Wang Ke-Xia, Peng Jiang-Long, Wang Xue-Feng, Tian Ye, Wang Jian, Li Chao-Pin
School of Medicine, Anhui University of Science and Technology, Huainan 232001, Anhui Province, China.
World J Gastroenterol. 2003 Sep;9(9):2017-20. doi: 10.3748/wjg.v9.i9.2017.
To study the levels of T lymphocyte subsets and membrane interleukin-2 receptor (mIL-2R) on surface of peripheral blood mononuclear cells (PBMCs) of patients with hepatitis B and its role in the pathogenesis of hepatitis B.
The levels of T lymphocyte subsets and mIL-2R in PBMC before and after being stimulated with PHA were detected by biotin-streptavidin (BSA) technique in 196 cases of hepatitis B.
In patients with hepatitis B, the levels of CD(3)(+), CD(4)(+) cells, and the ratio of CD(4)(+) cells/CD(8)(+) cells were lower, but the level of CD(8)(+) cells was higher than those in normal controls (42.20+/-6.01 vs 65.96+/-6.54, 38.17+/-5.93 vs 41.73+/-6.40, 0.91+/-0.28 vs 1.44+/-0.31, 39.86+/-6.36 vs 30.02+/-4.54, P<0.01). The total expression level of mIL-2R in PBMC before and after being stimulated with PHA was also lower than those in normal controls (3.47+/-1.55 vs 4.52+/-1.49, 34.03+/-2.94 vs 37.95+/-3.00, P<0.01). In all the patients with hepatitis B, the levels of T lymphocyte subsets and mIL-2R in PBMC with HBV-DNA (+) were lower than those with HBV-DNA (-), which were significantly different (39.57+/-7.11 vs 44.36+/-5.43, 34.36+/-7.16 vs 40.75+/-5.87, 37.82+/-6.54 vs 41.72+/-6.21, 0.88+/-0.33 vs 0.99+/-0.27, 2.82+/-1.62 vs 3.85+/-1.47, 31.56+/-3.00 vs 35.84+/-2.83, P<0.01). In addition, the levels of CD(3)(+), CD(4)(+), CD(8)(+) cells, the ratio of CD(4)(+) cells /CD(8)(+) cells and mIL-2R among different courses of hepatitis B were all significantly different (F=3 723.18, P<0.01. F=130.43, P<0.01. F=54.01, P<0.01. F=2.99, P<0.05. F=7.16, P<0.01).

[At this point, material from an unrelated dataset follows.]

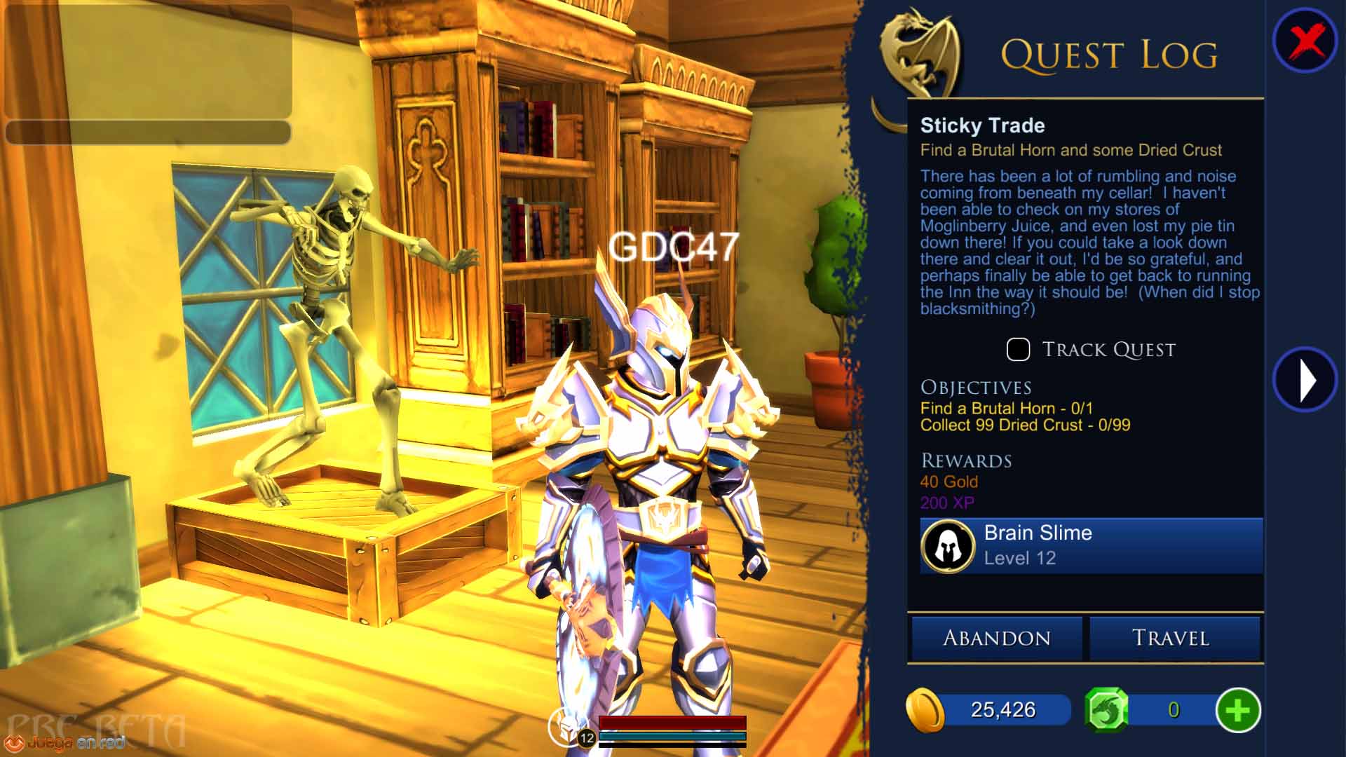 Tras dar una vuelta y adquirir algunas misiones, el propio juego nos guio a una cueva (difícil decir cuál, ya que no había mapa) a través de la opción de viajar instantáneamente que encontramos en el menú. No sabemos decir si es una opción del juego, de nuestra cuenta o de la misma beta, pero el caso es que pudimos viajar con un clic. En esa cueva nos topamos con un personaje que nos encargó matar a unos cuantos enemigos, y cuando la hicimos la propia misión se actualizó automáticamente con el siguiente paso, lo que nos gustó de veras, ya que no era necesario volver sobre nuestros pasos. Aunque no era así exactamente.

Both cellular and humoral immune functions are obviously in disorder in patients with hepatitis B, which might be closely associated with the chronicity in patients.
研究乙型肝炎患者外周血单个核细胞(PBMC)表面T淋巴细胞亚群及膜白细胞介素-2受体(mIL-2R)水平及其在乙型肝炎发病机制中的作用。

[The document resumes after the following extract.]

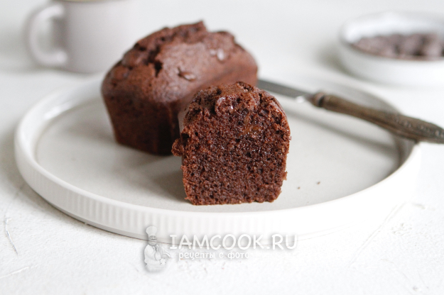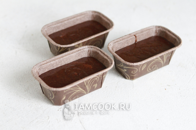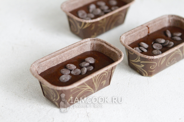 Разложите тесто по формочкам и утопите шоколадные капли.

采用生物素-链霉亲和素(BSA)技术检测196例乙型肝炎患者PHA刺激前后PBMC中T淋巴细胞亚群及mIL-2R水平。
乙型肝炎患者CD(3)(+)、CD(4)(+)细胞水平及CD(4)(+)细胞/CD(8)(+)细胞比值低于正常对照组,而CD(8)(+)细胞水平高于正常对照组(42.20±6.01对65.96±6.54,38.17±5.93对41.73±6.40,0.91±0.28对1.44±0.31,39.86±6.36对30.02±4.54,P<0.01)。PHA刺激前后PBMC中mIL-2R总表达水平也低于正常对照组(3.47±1.55对4.52±1.49,34.03±2.94对37.95±3.00,P<0.01)。所有乙型肝炎患者中,HBV-DNA(+)的PBMC中T淋巴细胞亚群及mIL-2R水平低于HBV-DNA(-)者,差异有统计学意义(39.57±7.11对44.36±5.43,34.36±7.16对40.75±5.87,37.82±6.54对41.72±6.21,0.88±0.33对0.99±0.27,2.82±1.62对3.85±1.47,31.56±3.00对35.84±2.83,P<0.01)。此外,不同病程乙型肝炎患者CD(3)(+)、CD(4)(+)、CD(8)(+)细胞水平、CD(4)(+)细胞/CD(8)(+)细胞比值及mIL-2R均有显著差异(F=3723.18,P<0.01;F=13,43,P<0.01;F=54.01,P<0.01;F=2.99,P<0.05;F=7.16,P<0.01)。
乙型肝炎患者细胞免疫和体液免疫功能均明显紊乱,这可能与患者的慢性化密切相关。